What is a Point & Figure Bullish Catapult pattern?
The P&F Bullish Catapult pattern is a hybrid by nature of its development process. This rare buy signal evolves from a Triple, or Quadruple Top, that fails to follow-through. Price direction reverses soon after the breakout, back to the confines of the preceding price range. Trading retreats to the lower half of its prior range but no deeper than its floor. Price then recovers, printing a 3 box reversal up, advancing northwards once again. A price rally breaks above the prior column of Xs, the column responsible for the Triple or Quadruple Top, to form a Double Top. That Double Top pattern, itself contained in the Catapult pattern, thereby provides overall signal activation. With resistance now cleared desively, a sharp rally initiates.
Psychology of a Bullish Catapult
The Bullish Catapult pattern is an emotional roller-coaster for novice investors. Nerves of steel, and experience, are required to play the pattern successfully. The initial upside breakout spurs greed, yet the price rapidly slips back, leading to regret. The retreat, back into the range, then draws the interest of short traders. However, the shorts soon suffer pain as the price turns back to the upside, and breaks up through resistance, thereby activating the catapult pattern. By nature of the pattern's width, many traders are committed, consequently an aggressive short-squeeze ensues. Bearish positions that entered during the range-bound phase are forced to accept a painful loss as the price rapidly accelerates to the upside.
How to Trade the Catapult?
Following the completion of a Point & Figure Catapult signal, further investigation of the chart is imperative.
- The primary price trend for the stock or index must be up. Trading should be above a P&F bullish trendline.
- During a bear market, the pattern could fast become a Bull Trap.
- The only time you would consider trading the pattern without a bullish up trend is when the Catapult occurs across a major support shelf. However, that in itself would be speculative, so leaner allocation would be appropriate.
- Look for other buy signals preceding the Catapult, lower down the chart. Successful buy signals over the prior months, and years, will collectively add conviction to the present bullish case.

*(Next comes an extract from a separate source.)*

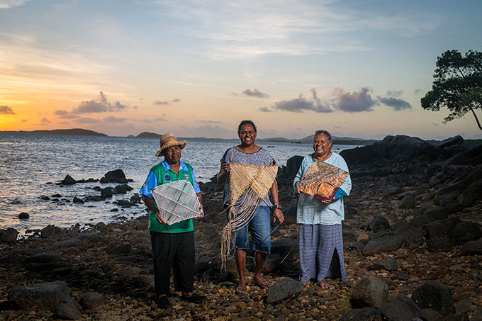We started with the Yuta Badayala (In A New Light) pendant lampshades, woven by the Yolngu weavers of Elcho Island Arts, and we have not stopped collaborating with First Nations owned and operated organisations since.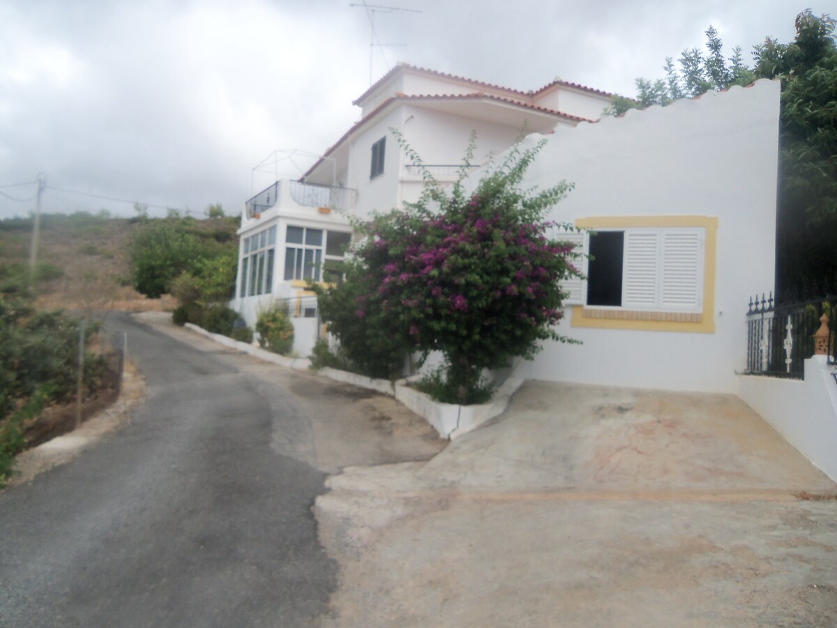 The house is located 12km.from airport Faro,near the village Estói. House located between the hills, when can enjoy beautiful view . This place is quite end in the nature, where can wake up with birdsong . Also in the property are garden and a chicken coop.There is also a family of ostriches. House has large terrace .Inside room with double bed,loft room 2 single beds .If you want you can make double bed ,roof windows let you look stars.

- A bullish relative P&F chart is desirable. The relative chart should be trending up on a medium to long-term basis. The only time a weak relative chart would be considered is when the ratio has successfully found a long-term relative horizontal support level but again that would be somewhat speculative.
- As with any trading pattern, sentiment should also be evaluated. If the pattern formed over a period of bad news-flow, the signal will be more powerful. Short sellers on the news will need to cover and that will fuel the upside extension.
Entry is best sought a few days, to couple of weeks, following P&F Catapult activation. Breaks of resistance are often volatile, with swings in either direction. Watch to enter a long position on a downswing, providing no P&F sell signal is generated, as that would negate the Bullish Catapult.
Presence of a Bullish Catapult signal during a bear market should be treated with skepticism. Very often a bullish catapult in this environment will morph into a Bull Trap. Hence, the signal is best followed during an established bull market.
Be cautious if the Bullish Catapult occurs during an indecisive rangebound general market. The catapult will struggle to follow-through to the upside, culminating in failure.
Where to place a stop-loss?
With the pattern activated, as the uptrend extends, the stop should be trailed higher to the box just beneath the next completed column of Os, a retreat. A pull-back of Os would be considered complete when a 3 box reversal prints a X column back to the upside.
Determining an upside price target?
A horizontal count is the ideal method to calculate an upside price objective. Broad patterns such as this often result in a prolonged and powerful up move.
Bullish Catapult Explained by Example
Catapult pattern development across moving average
Advanced Micro Devices consolidated across its rising 30-week moving average during 2019. The long-term uptrend consolidation took the form of a Bullish Catapult. The catapult signal activated in November 2019. In doing so, the primary uptrend resumed.
Pattern formation mid-trend
Steve Madden formed a tidy Bullish Catapult over the summer of 2018. A Quadruple top reversed after breakout, the price retreated to the range floor. A 3 box reversal up then propelled the price back up to the range ceiling, with the catapult activating in mid-August. A multi-month rally followed.
Deep retraction following initial upside failure
Early August 2018 saw a Bullish Catapult signal print on the S&P 500 Transportation Index chart. Observe the deep retraction following the failed Quadruple Top. The upside failure broke higher by three boxes. Following the retraction, the index resumed its up trend, pushing out to a new all-time high of 820.95 in late September 2018. However, the broader market weakened, pulling the transports back down into year end.
Development above a Bullish Trendline
Iridium Communications confirmed a Bullish P&F Catapult pattern at the start of August 2018. As is often the case, the formation occurred above a notable Bullish Trendline. The price duly extended higher, hitting a peak of $24 in October 2018.